Note: The minimum docker desktop version required for kubernetes is 18.09.1
Installing Docker Desktop
First thing first, we need to install Docker Desktop, download the latest version
Installation of docker is easy, I will installing docker on Mac (for Windows, process is similar).
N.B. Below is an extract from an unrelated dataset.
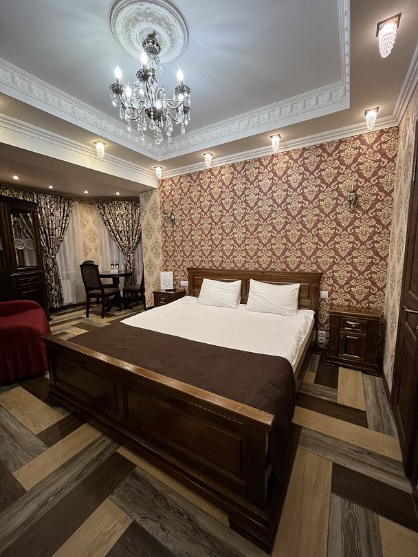 Номер Люкс. Состоит из двух комнат (гостиной и спальни) и санузла. Расположен на втором этаже.
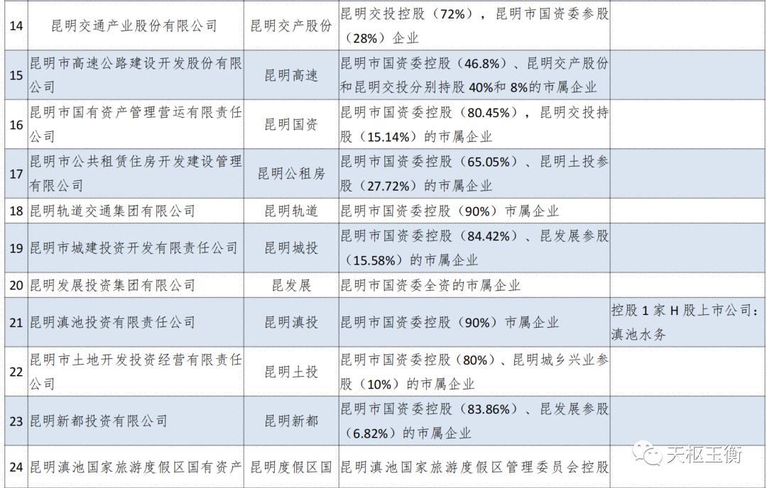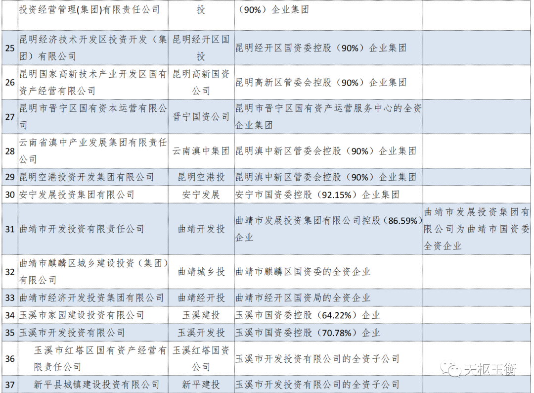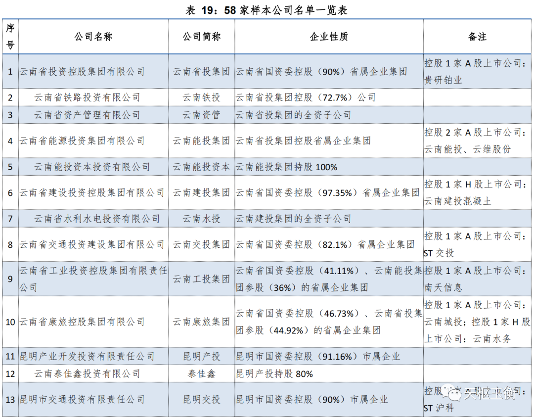 不包括由地方政府及其部門和機構(gòu)成立的經(jīng)營性公司,例如昆鋼控股、云天化集團、冶金集團、云錫控股、云銅集團都不在本文所列范圍內(nèi);

Please follow the instruction provided on site and download the installer.
Install it
Double-click Docker.dmg to start the install process.
When the installation completes and Docker starts, the whale in the top status bar shows that Docker is running, and accessible from a terminal.
Verify
Open command line terminal, and try if docker is installed.
$ docker version
Client: Docker Engine - Community
Version: 18.09.1
API version: 1.39
Go version: go1.10.6
Git commit: 4c52b90
Built: Wed Jan 9 19:33:12 2019
OS/Arch: darwin/amd64
Experimental: false
Server: Docker Engine - Community
Engine:
Version: 18.09.1
API version: 1.39 (minimum version 1.12)
Go version: go1.10.6
Git commit: 4c52b90
Built: Wed Jan 9 19:41:49 2019
OS/Arch: linux/amd64
Experimental: true
Enable Kubernetes
Open Docker preferences/settings, go to Kubernetes tab(only available after version 18.09.1) & enable it.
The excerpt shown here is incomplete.